From the desk of David Whitrap
Hello everyone. This week, a self-proclaimed “fixer” testified in front of the House Oversight Committee. And the day before that, the Senate Finance Committee held a separate hearing to identify some fixes of its own for our country’s drug pricing dysfunction. Time will tell which of these sessions will end up having a bigger impact.
This morning, let’s take a look at:
- ICER in the News: Our new Evidence Report on treatments for spinal muscular atrophy, and the launch of a new drug assessment.
- Pharmaceutical News: Did I mention seven pharma execs testified on Capitol Hill?
ICER in the News
Last Friday, ICER published our Evidence Report assessing the comparative clinical effectiveness and value of nusinersen (Spinraza®, Biogen) and onasemnogene abeparvovec (Zolgensma®, Novartis/AveXis) for the treatment of spinal muscular atrophy (SMA). Both treatments provide substantial health benefits, and payers will cover them. However, the current pricing of Spinraza would require a significant discount to meet traditional cost-effectiveness ranges. And for the gene therapy Zolgensma, which does not yet have an actual price, ICER established a value-based price range of between $310,000-$900,000 using our standard methodology and as high as $1.5 million using an alternative measure of health gain.

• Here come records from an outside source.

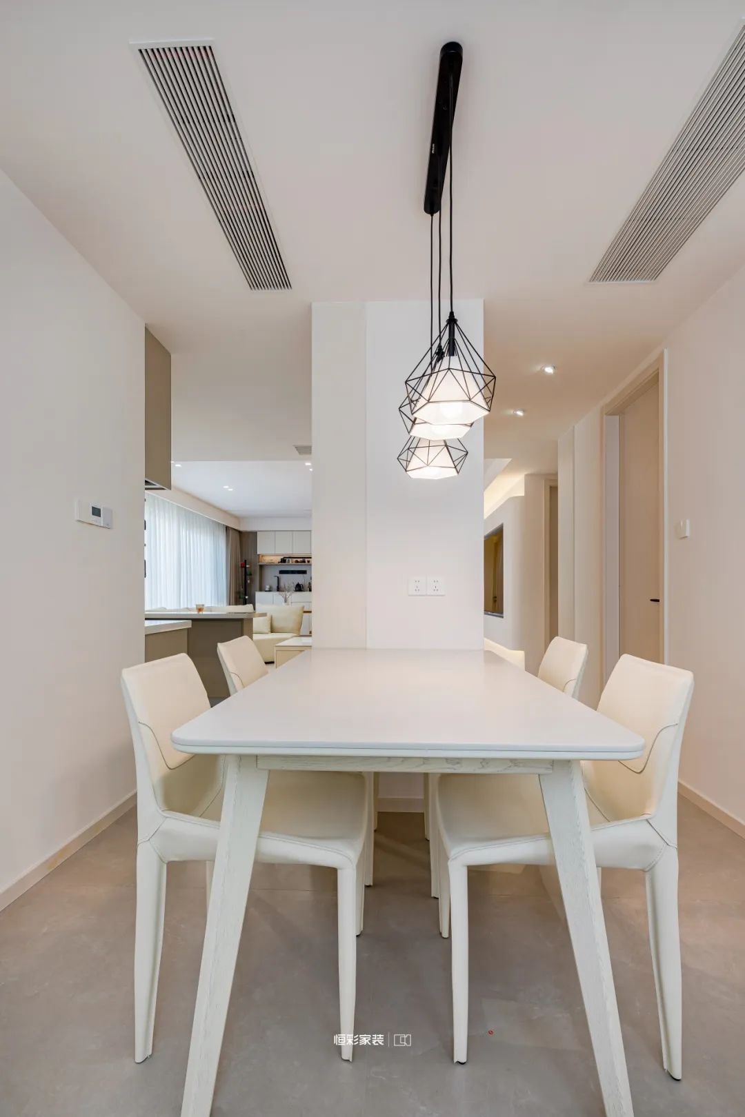餐厅与厨房仅半墙相隔,餐桌上方,一盏黑色钻石吊灯垂下,作为餐厅的主光源,不仅提供了充足的照明,还增添了设计感和层次感。独特的灯具造型犹如一件艺术品,为整个空间注入了一份时尚气息。这盏黑色吊灯与餐桌椅的白色形成鲜明对比,提升了空间的视觉冲击力和美观度。
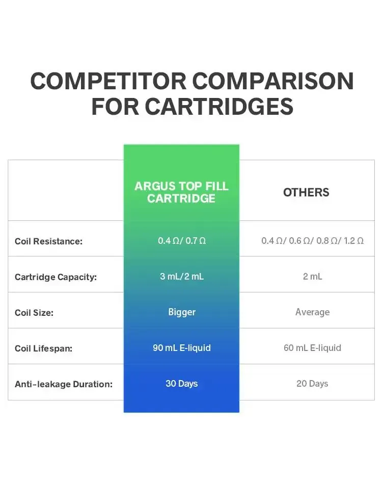 - 1* ARGUS Top Fill Cartridge 0.4 Ω (3 mL),
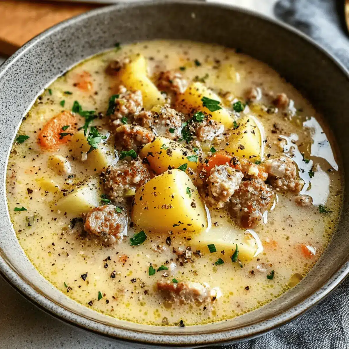 Preparing your Potato and Sausage Chowder ahead of time can save precious moments during your busy week! You can chop the potatoes, onions, and garlic up to 24 hours in advance. Simply store these in an airtight container in the refrigerator to maintain their freshness. The sausage can be browned ahead as well; just reheat it before adding the other ingredients. When you’re ready to serve, combine all the prepped ingredients with the chicken broth and heavy cream, and allow them to simmer as per the original instructions. By prepping ahead, you’ll enjoy a comforting meal with just a little finishing touch, ensuring that your chowder tastes just as delicious as if it were made fresh!
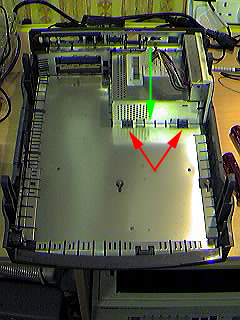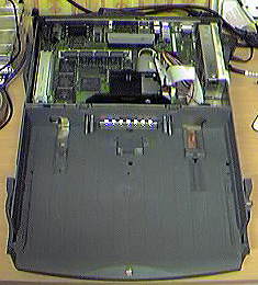 3. Congratulations. You now have access to the docking bay, Video RAM slot (1x 30 PIN SIMM) and I/O board holding the SCSI and NuBus controllers. The model pictured below also has an optional DAA adaptor fitted to connect it to an Apple Express Modem and a 68882 Maths co-processor for that extra zing when docked!
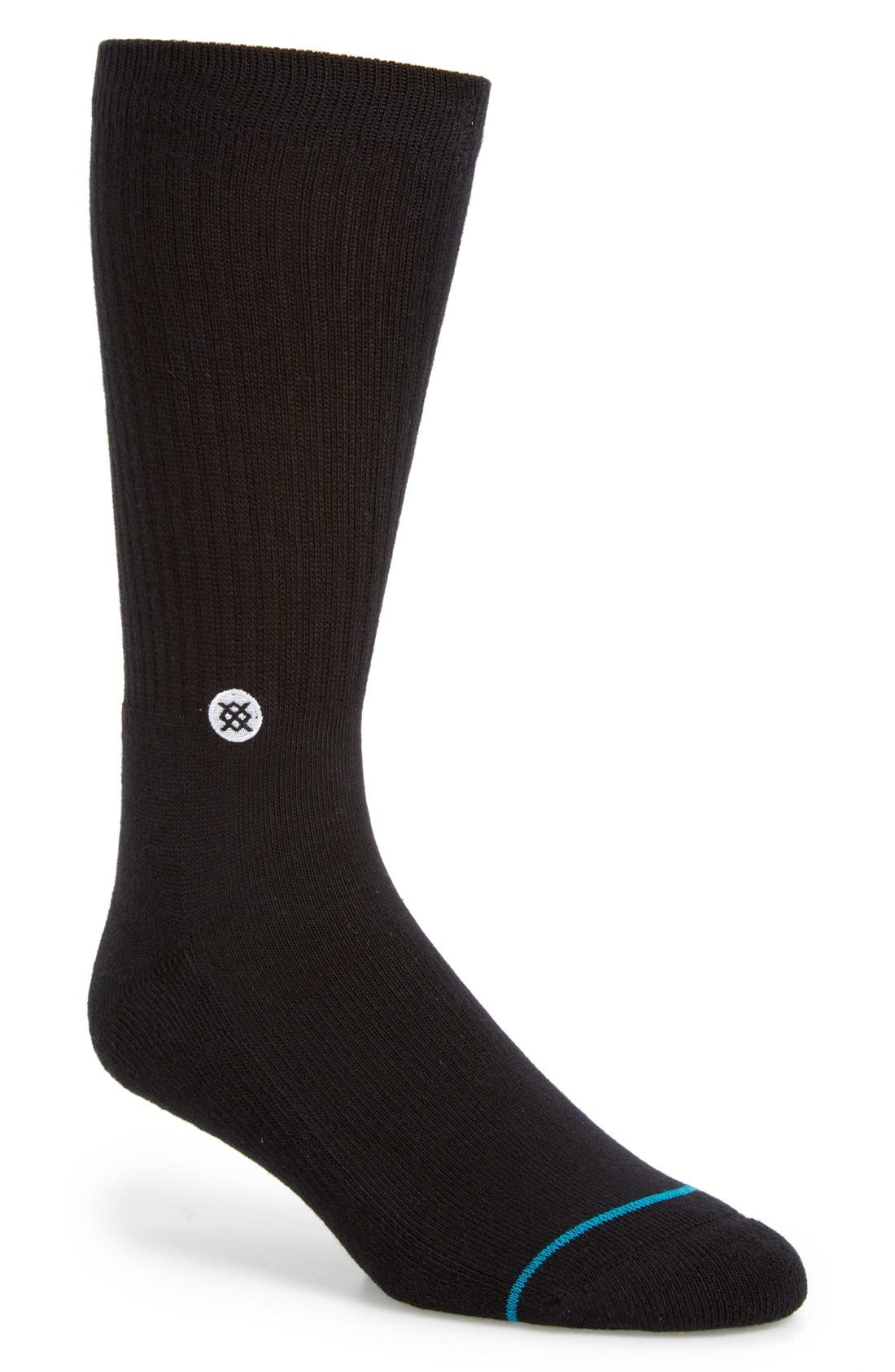 A close-up image of a single black sock with a white logo on the left ankle and a blue stripe at the top. The sock is against a white background. | STANCE 'Icon' Crew Socks, Main, color, BLACK/ WHITE | ba5771e7802adfae5fddb1a73ff33b0cee3410bc57a6728fa6afcbf8f13873fc | 000910681027 | 0 | 0 | 30 | 8 | 0 | 0 | |

Next week, an independent appraisal committee will be reviewing these findings — as well as the many contextual issues and broader benefits for patients and families — when they vote on the clinical and economic value of these treatments.
Our announcement was covered by several media outlets, including Reuters, STAT News, and Bloomberg.
(Reuters) – An experimental gene therapy for spinal muscular atrophy (SMA) developed by Novartis AG would be worth up to $900,000, according to an independent U.S. nonprofit organization that reviews the value of drugs and medical treatments.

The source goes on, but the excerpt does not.